Segment Start: DATA PROVIDED

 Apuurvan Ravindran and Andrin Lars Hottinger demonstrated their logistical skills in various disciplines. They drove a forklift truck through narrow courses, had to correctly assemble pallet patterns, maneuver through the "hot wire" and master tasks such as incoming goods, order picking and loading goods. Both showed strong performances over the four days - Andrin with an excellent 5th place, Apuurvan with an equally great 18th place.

Segment End: DATA PROVIDED
Segment Start: DATA PROVIDED

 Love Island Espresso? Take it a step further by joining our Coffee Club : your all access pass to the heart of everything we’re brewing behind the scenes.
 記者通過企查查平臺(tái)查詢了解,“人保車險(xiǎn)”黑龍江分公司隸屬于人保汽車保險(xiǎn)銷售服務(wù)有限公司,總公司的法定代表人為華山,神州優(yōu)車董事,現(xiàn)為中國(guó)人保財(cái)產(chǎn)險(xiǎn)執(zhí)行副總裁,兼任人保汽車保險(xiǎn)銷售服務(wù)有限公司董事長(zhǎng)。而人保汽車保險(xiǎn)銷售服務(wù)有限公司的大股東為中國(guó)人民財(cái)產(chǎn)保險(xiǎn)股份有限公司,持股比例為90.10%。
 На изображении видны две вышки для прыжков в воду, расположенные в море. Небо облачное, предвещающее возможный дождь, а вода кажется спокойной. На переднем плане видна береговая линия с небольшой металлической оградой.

Segment End: DATA PROVIDED

WORK ORDER: All lines above from the one containing "記者通過企查查平臺(tái)" to the one containing "На изображении видны" must be repeated exactly, both lines included, and no others.

RESPONSE TO THE EXERCISE:
 記者通過企查查平臺(tái)查詢了解,“人保車險(xiǎn)”黑龍江分公司隸屬于人保汽車保險(xiǎn)銷售服務(wù)有限公司,總公司的法定代表人為華山,神州優(yōu)車董事,現(xiàn)為中國(guó)人保財(cái)產(chǎn)險(xiǎn)執(zhí)行副總裁,兼任人保汽車保險(xiǎn)銷售服務(wù)有限公司董事長(zhǎng)。而人保汽車保險(xiǎn)銷售服務(wù)有限公司的大股東為中國(guó)人民財(cái)產(chǎn)保險(xiǎn)股份有限公司,持股比例為90.10%。
 На изображении видны две вышки для прыжков в воду, расположенные в море. Небо облачное, предвещающее возможный дождь, а вода кажется спокойной. На переднем плане видна береговая линия с небольшой металлической оградой.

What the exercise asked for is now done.